Department of Clinical Sciences Lund, Obstetrics and Gynaecology, Lund University, Lund, BMC C14. Lund, 22185, Sweden.
Department of Obstetrics and Gynaecology, Ystad Hospital, Ystad, Sweden.
Eur J Public Health. 2024 Feb 5;34(1):22-28. doi: 10.1093/eurpub/ckad184.
Well-established associations exist between the risk of small for gestational age (SGA) and unidimensional sociodemographic factors. We investigated social inequalities in SGA risk and adopted an intersectional approach that simultaneously considers different social categories.
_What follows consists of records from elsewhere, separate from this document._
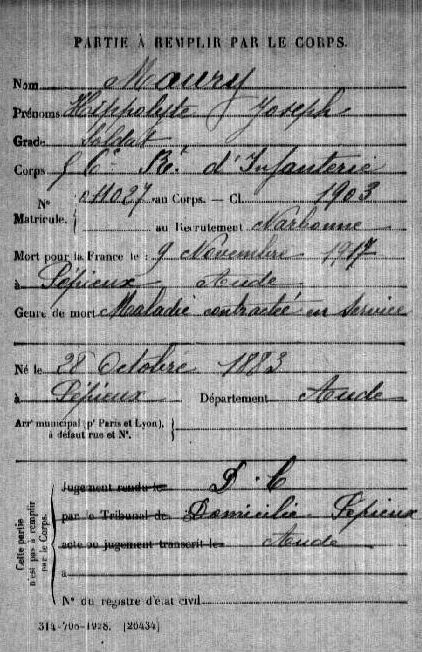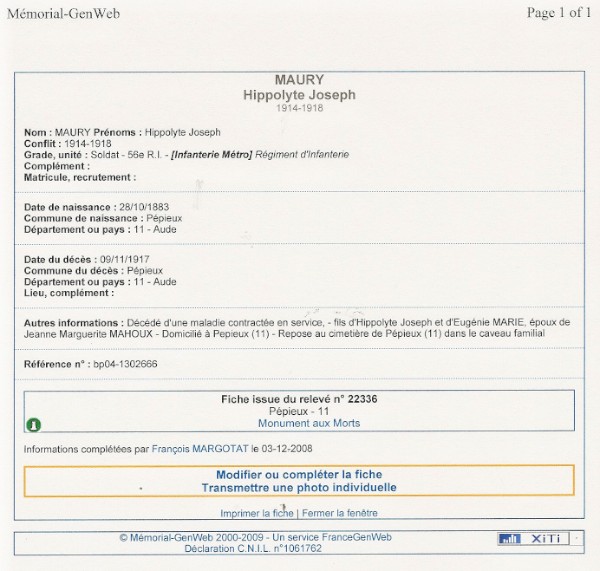 Une erreur s'est glissée dans la fiche GenWeb en ce qui concerne la mère de ce Soldat. Bien lire Marie Tuillier comme en attestent les acte de naissance et de décès.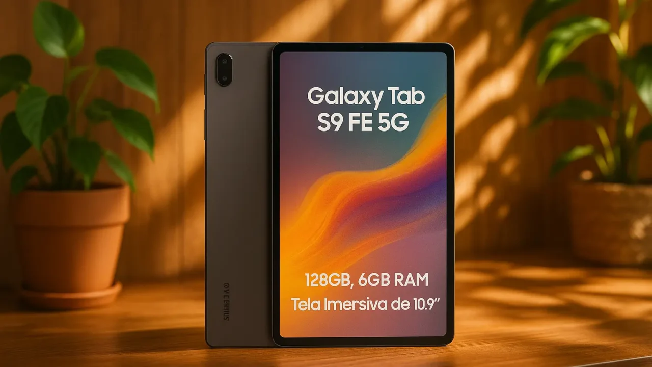 | Galaxy Tab S9 FE (6 GB) | 10.9″ 60 Hz | Design leve, 128 GB, câmeras de 12 MP UW |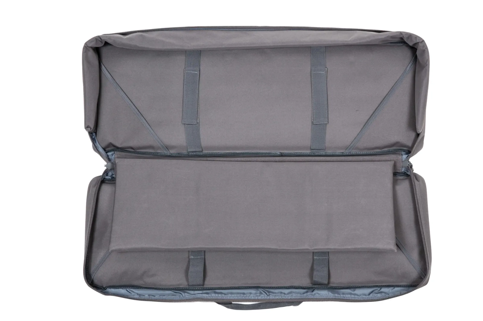 The main compartment, with internal dimensions of 87x30x8 cm, is equipped with straps to immobilise the replica and reinforced walls made of soft material to prevent mechanical damage. Inside, there is a removable wall, allowing the safe separation of two replicas or, in the case of a larger replica such as an LMG, increasing the capacity of the chamber.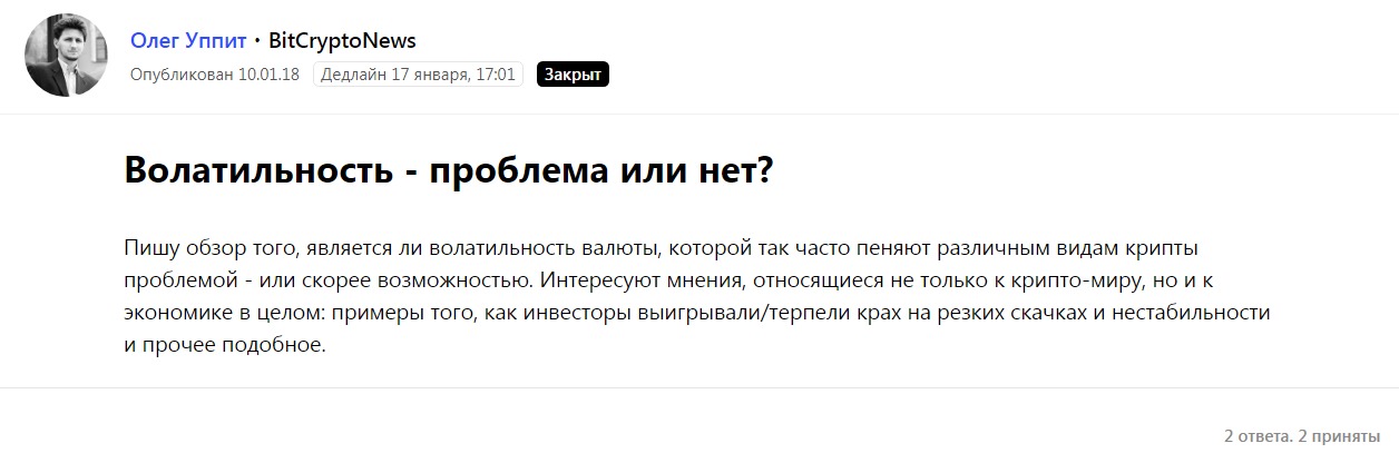 Сервис журналистских запросов Pressfeed мне понадобился лишь год назад, когда я хотел получить больше альтернативных мнений в вопросе про волатильность для подготовки текста для bitcryptonews.ru. У меня были свои эксперты по этому вопросу, но я решил, что мне нужны в тексте новые имена и мнения. Правда, сначала большую ставку на сервис не делал, но быстро понял — это работает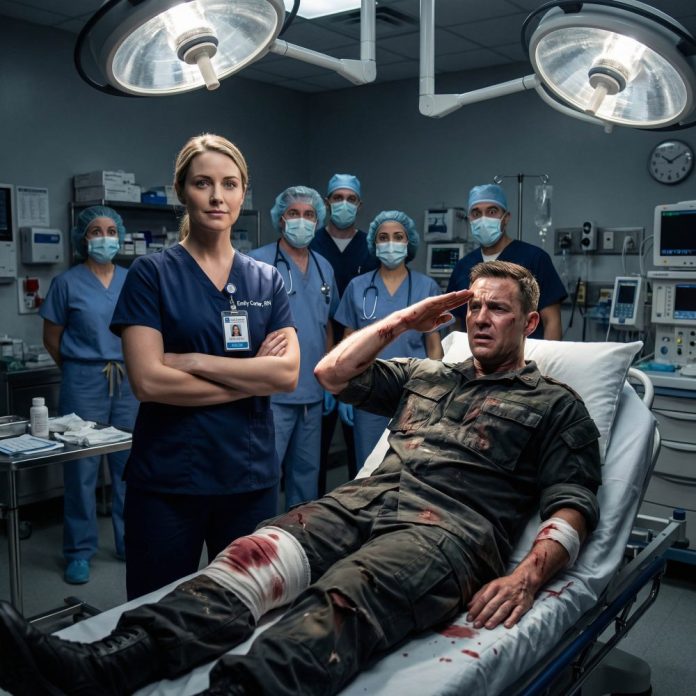 The night shift was chaos. Sirens outside. Stretchers rolling in. Then they brought Commander Jason Reed, a Navy SEAL shot during a joint operation overseas. He was barely conscious, chest wrapped in blood-soaked bandages, monitors screaming warnings no one wanted to hear. Doctors crowded around him, arguing dosages, calling for scans.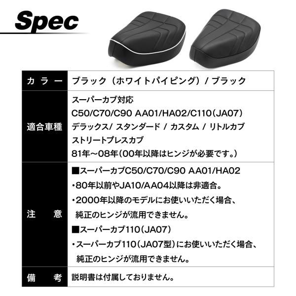 スーパーカブ リトルカブ 50 90 110 70C50 C70 C90 C110 JA07 DX STD シート ブラック ホワイトバイピング 外装 パーツ 社外品 レトロ 旧車風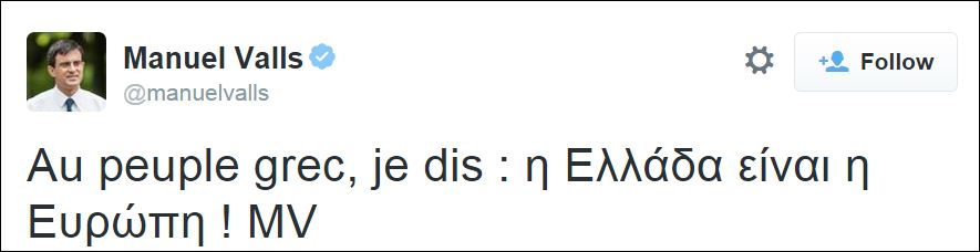 «Η Ελλάδα είναι η Ευρώπη» έγραψε στα ελληνικά ο Πρωθυπουργός της Γαλλίας, Μανουέλ Βαλς, στον προσωπικό του λογαριασμό στο twitter.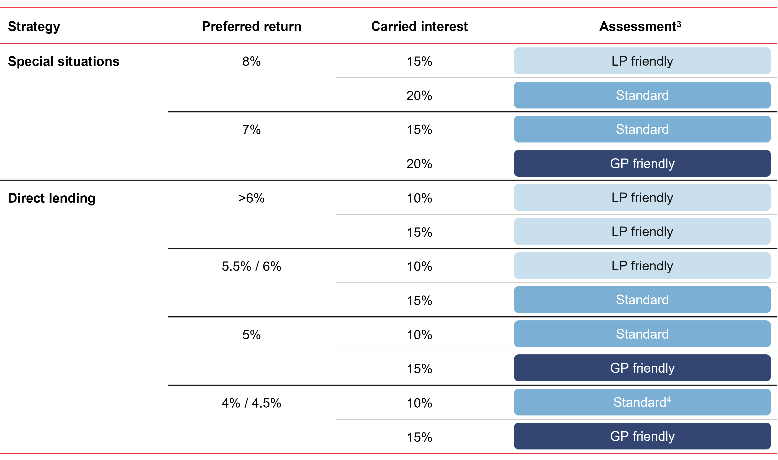 Due to the lower return profile, hurdle rates for direct lending are more nuanced than those for special situations with differences in the range of 50 basis points being common. Typically, hurdles for direct lending are in the 5% to 6% range.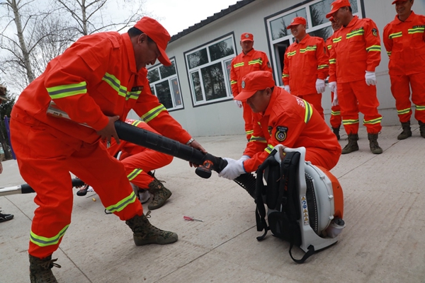 阿木爾林業(yè)局依東林場專業(yè)撲火隊員在進行拆解安裝風力滅火機比賽(王力 攝)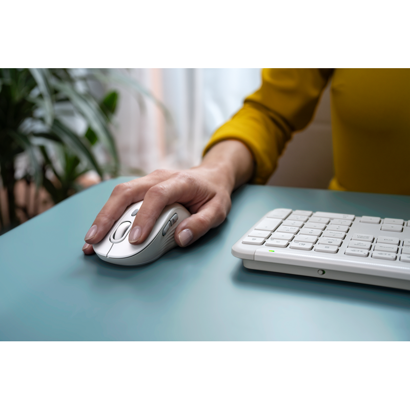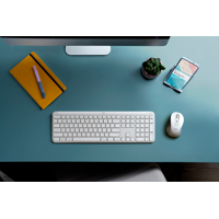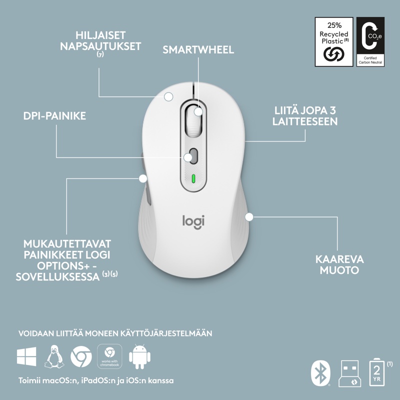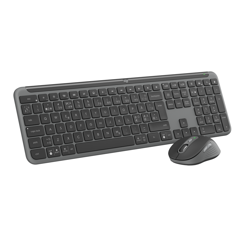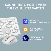 Kirjoita ja napsauta eri tietokoneilla vaivatta Signature Slim MK950 - näppäimistöllä ja -hiirellä, jotka tekevät työelämästä taianomaista tehokkailla mukautuksilla ja pikanäppäimillä. Täysikokoisen Signature Slim Keyboard K950 -näppäimistön siro muotoilu ja laadukas rakenne nostavat minkä tahansa työpöydän tasolle. Sitä täydentää Signature Plus Mouse M750 ja sen mukava kaareva muoto – mikä tekee siitä upean, kierrätysmuovista valmistettuyhdistelmän. Hiljainen kirjoittaminen ja napsauttelu niin näppäimistöllä kuin hiirellä auttavat sinua keskittymään ja aiheuttavat vähemmän häiriöitä muille. Hiiren SmartWheel-vieritysrullan avulla vierität sivuja ja asiakirjoja nopeasti ja tarkasti. Voit käyttää näppäimistöä ja hiirtä useammalla laitteella sekä käyttöjärjestelmällä – vaihda kannettavan tietokoneen, tabletin ja puhelimen välillä. Yhdistä näppäimistö ja hiiri langattomasti Bluetoothilla tai mukana tulevalla Logi Bolt -USB-vastaanottimella.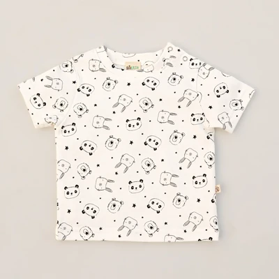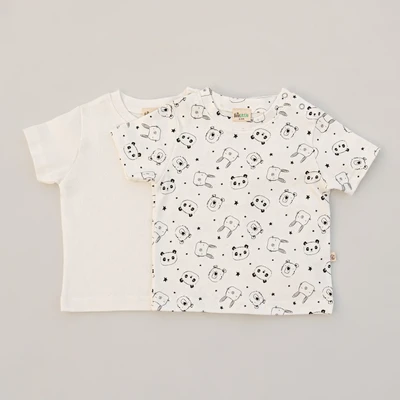 2-pc half sleeved t-shirts that are crafted from organic cotton, ensuring a comfortable and safe choice. They feature 2 snap buttons on the left shoulder for easy dressing. With perfectly finished collars and hems, these t-shirts offer a polished look. Choose from a selection of beautiful plain and printed designs to elevate the style effortlessly.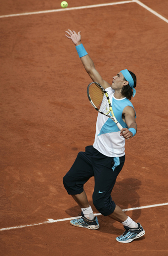 Spain's Rafael Nadal serves to Australia's Lleyton Hewitt at the French Open tennis tournament at Roland Garros in Paris June 4, 2007.[Reuters]

By doing so, we could assess heterogeneities in SGA risk within unidimensional sociodemographic categories.
We included all live 679 694 singleton births in Sweden between 2010 and 2016. The outcome was SGA, and the exposures were age, maternal educational level, dichotomous migration status and civil status. Thirty-six possible combinations of these factors constituted the exposure in an intersectional model. We present odds ratios (ORs) with 95% confidence intervals (95% CIs) and the area under the receiver operating characteristic curve (AUC)-a measurement of discriminatory accuracy (i.e. the ability to discriminate the babies born SGA from those who are not).
Women with low education and women born outside Sweden had ORs of 1.46 (95% CI 1.38-1.54) and 1.50 (95% CI 1.43-1.56) in unidimensional analyses, respectively. Among women aged under 25 with low education who were born outside Sweden and unmarried, the highest OR was 3.06 (2.59-3.63). The discriminatory accuracy was low for both the unidimensional model that included all sociodemographic factors (AUC 0. 563) and the intersectional model (AUC 0.571).
The intersectional approach revealed a complex sociodemographic pattern of SGA risk. Sociodemographic factors have a low accuracy in identifying SGA at the individual level, even when quantifying their multi-dimensional intersections. This cautions against interventions targeted to individuals belonging to socially defined groups to reduce social inequalities in SGA risk.
小胎龄儿(SGA)的风险与单维社会人口因素之间存在明确关联。我们研究了 SGA 风险中的社会不平等,并采用了交叉方法,同时考虑了不同的社会类别。这样,我们可以评估单维社会人口类别中 SGA 风险的异质性。
我们纳入了 2010 年至 2016 年期间瑞典所有 679694 例活产单胎妊娠。结局为 SGA,暴露因素为年龄、母亲教育程度、二元化移民状况和婚姻状况。这些因素的 36 种可能组合构成了交叉模型中的暴露因素。我们报告比值比(OR)及其 95%置信区间(95%CI)和接收者操作特征曲线下面积(AUC)-衡量区分准确性的指标(即区分 SGA 出生婴儿和非 SGA 出生婴儿的能力)。
在单维分析中,教育程度低的女性和出生在瑞典以外的女性的 OR 分别为 1.46(95%CI 1.38-1.54)和 1.50(95%CI 1.43-1.56)。在年龄在 25 岁以下、教育程度低且出生在瑞典以外且未婚的女性中,最高的 OR 为 3.06(2.59-3.63)。对于包含所有社会人口因素的单维模型(AUC 0.563)和交叉模型(AUC 0.571),区分准确性均较低。
交叉方法揭示了 SGA 风险的复杂社会人口模式。社会人口因素在个体水平上识别 SGA 的准确性较低,即使在量化其多维交叉时也是如此。这提醒人们不要针对属于社会定义群体的个体进行干预,以减少 SGA 风险中的社会不平等。